Austruca mjoebergi

Austruca mjoebergi
Austruca mjoebergi, banana fiddler crab, Australia
Scientific classification
Kingdom: Animalia
Phylum: Arthropoda
Clade: Pancrustacea
Class: Malacostraca
Order: Decapoda
Suborder: Pleocyemata
Infraorder: Brachyura
Family: Ocypodidae
Subfamily: Gelasiminae
Tribe: Gelasimni
Genus: Austruca
Species:
A. mjoebergi
Binomial name
Austruca mjoebergi
(Rathbun, 1924)[1]
Synonyms[2]

Uca mjöbergi

Austruca mjoebergi, also known as the banana fiddler crab, is a species of fiddler crab that is found along the north and northwest coast of Australia (approximately from Dampier to the Gulf of Carpentaria) and parts of Indonesia.[3]

Austruca mjoebergi exhibits extreme sexual dimorphism. The greatest difference between sexes is that the males have a large brightly colored major claw and a smaller minor claw, whereas females have two similarly sized claws. They are relatively small crabs with the males slightly larger than females. A census of a population of Austruca mjoebergi gave the average carapace width of adult males 10.4 ± 1.3 mm and adult females 8.8 ± 1.0 mm. Male major claw length is tightly correlated with carapace width. The same population had average major claw length of the adult males of 14.9 ±4.3 mm.[4] 

Competition and conflict

Male Austruca mjoebergi engage in conflict with other males at varying levels of aggression. At low levels of conflict, a male will use the back of his major claw to push another male's claw backwards. This may occur if a male encroaches on the border of another male's territory. The claw pushing can escalate to male crabs interlocking their major claws. These crabs engage in a grapple of pushing each other and jostling for position. During a grapple males sometimes attempt to position the major claw underneath the other male and flick the claw in an upwards motion to lift and topple their opponent. If conflict persists through grappling, one of the males may retreat to the burrow. At the highest level of aggression, the conflict continues in the burrow. Digging conflict involves digging, pushing, grappling and scraping. Eventually, one male will retreat from the burrow and leave the territory. In conflict males will sometimes be removed from their territories by an intruding "floater" male.[5]

The dear enemy effect

The dear enemy effect is used to describe the differences in conflict between neighboring males, and conflict between resident and floater males. A resident male is a male that has claim to a territory. A floater male is a male that does not have a territory and is traversing looking for a territory. Males can become a floater through conflict or by abandoning a previous territory due to a lack of resources. A neighboring male is a male that occupies a nearby territory to another male's territory. Neighborly conflict often arises when a male approaches the border of the two territories. If a neighboring male approaches a resident male's territory, conflict usually results in one male losing a small segment of territory, or no change. Neighborly conflict rarely results in either male losing their territory entirely. However, when conflict arises instead between a resident male and a floater male there are greater consequences of losing. In resident-floater conflict eviction from the territory and the loss of all resources associated with the territory lost is frequent when the resident loses. A. mjoebergi males can differentiate between neighboring and unknown males and are less aggressive towards neighboring males than unknown males. Studies observing neighboring conflict and resident-floater conflict showed that resident-floater conflicts result in significantly longer engagements than conflict between neighbors. Neighboring conflicts and floater-resident conflicts are no more likely to progress to grappling or attempting to flip the opponent. However, conflicts between a resident and floater are significantly more likely to lead to digging conflict.[5]

Claw bluffing

Male A. mjoebergi rely heavily on their enlarged claw to signal dominance and fighting prowess. Crabs which lose their large claw will occasionally regenerate a lighter, cheaper claw (requiring less energy to produce). Research has shown that crabs with these "cheap" claws are worse fighters than crabs with strong claws of a similar size. However, these crabs engage in a form of deimatic behaviour and will attempt to bluff signal dominance despite their limited fighting ability. Research has shown that they are just as effective at intimidating other crabs based on claw size alone.[6][7]

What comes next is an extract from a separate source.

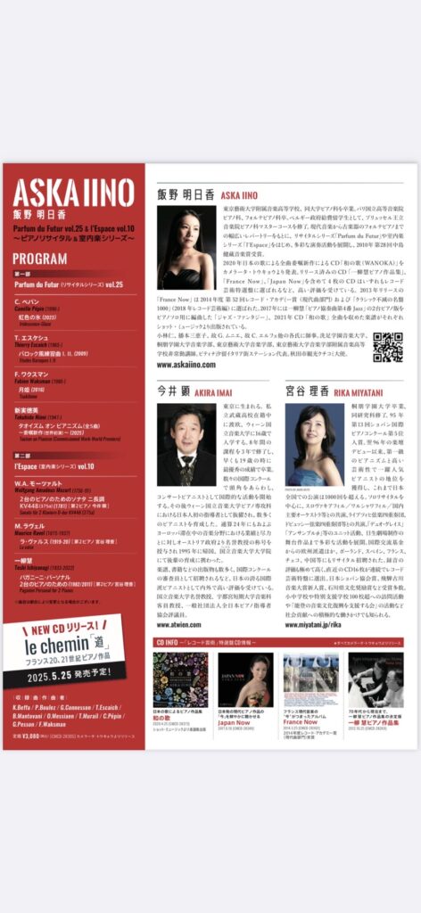 皆様おはようございます。 OTTAVA fresca 水曜日のプレゼンター、本田聖嗣です。 あっという間に4月もラストの水曜日、お仕事の都合によっては先週末からゴールデンウィークというかたもいらっしゃると思います。この期間は変わりやすい天気の東京のはずなのですが、長期予報を見ると、2日に崩れそうなものの、あとは晴天の予報がおおく、今年はかなり特別な、晴天の続くGW週間となりそうです。5月3~5日は、東京有楽町の東京国際フォーラムで開かれる、ラ・フォル・ジュルネ音楽祭にOTTAVAは恒例の公開収録放送ブースを出展します。私も5日の前半を島田優理子さんと担当予定です。 今日も、9時台は世界の気になるニュースからを取り上げます。第2次大戦戦勝記念日停戦などを申し出ていますが、ロシアは戦争をやめる気はなく、また仲介者の米トランプ政権が、いよいよ市場の混乱を呼び込みつつあり、内政で躓きそうなため、ウクライナの仲介どころではなくなっていくような気がします。果たして、ウクライナ戦争の行方と、ヨーロッパのスタンスは・・・気になるところです。 生放送なので、リクエストお待ちしております。クラシック曲のリクエストは、曲名を挙げていただいても、私に選曲をお任せいただくフレーバーリクエストでも結構です。もちろん、リクエスト以外の普通のお便りも大歓迎です。音楽の話題、日常の話題、ゴールデンウィークの話題、その期間中に食べたいおいしいもの、幅広くどんなテーマでもお待ちしております。頂いたリクエスト曲によって、番組の曲が変化してゆきます。 いただいたお便りは、私のみならず、全世界のリスナーさんとシェアさせていただきます。 プレゼンター本田宛、メールアドレスは、[email protected]です。 そして、今日は11時台にゲストをお迎えします。ピアニストの飯野明日香さん、5月25日に発売予定の、フランス語で「道」という意味の「Le Chemin」のタイトルを持つCDの発売記念リサイタルを東京文化会館小ホールで5月21日に開催されます。フランスの20~21世紀のピアノ曲のレパートリーということで、インタビューが楽しみです。5月21日のリサイタル、リスナーさんプレゼントもある可能性大ですので、お聞き逃しなく! それでは、9時の放送開始をいましばらくお待ちください。 本田聖嗣 (写真は、飯野さんのコンサートのフライヤーです。) 放送後追記:飯野さんの下記のリサイタルに、OTTAVAリスナーさん、ご招待をいただきました! ご希望の方は、メールの件名に「リサイタルチケット希望」と入れていただき、 当日チケットの引き換えとなる「お名前」、「メールアドレス」「万が一の電話番号」を お書きいただき、1枚か2枚の希望とともに、[email protected]までお送りください! 5月14日(水)のOTTAVAfresca放送を締め切りとさせていただきます。 フランスの21世紀のピアノ音楽と、楽しい2台ピアノが楽しめる貴重なコンサートです!

Habitat territory and burrows

A. mjoebergi inhabit intertidal mudflats along the northern northwestern coastline Australia and the northwestern coast of Papua New Guinea. A. mjoebergi form densely populated mixed-sex communities. In these communities, males claim small territories approximately 10–20 cm (3.9–7.9 in) in diameter. For males, a claim to a territory and burrow are an essential part of survival. Males dig into the mud, forming burrows. These burrows are used for a variety of purposes, including escape from predators, thermoregulation, mating, egg incubation, and as a source of water to wet their gills. Additionally, burrows provide essential refuge from rising water levels during high tides.[5][8]

Burrows are also an essential component of this organism's habitat. Burrows provide many benefits to this organism, which include but are not limited to protection from predators; maintaining moisture around the gills when the tide gets low; important shelter during harsh weather; and serving as critical sites for mating.[9]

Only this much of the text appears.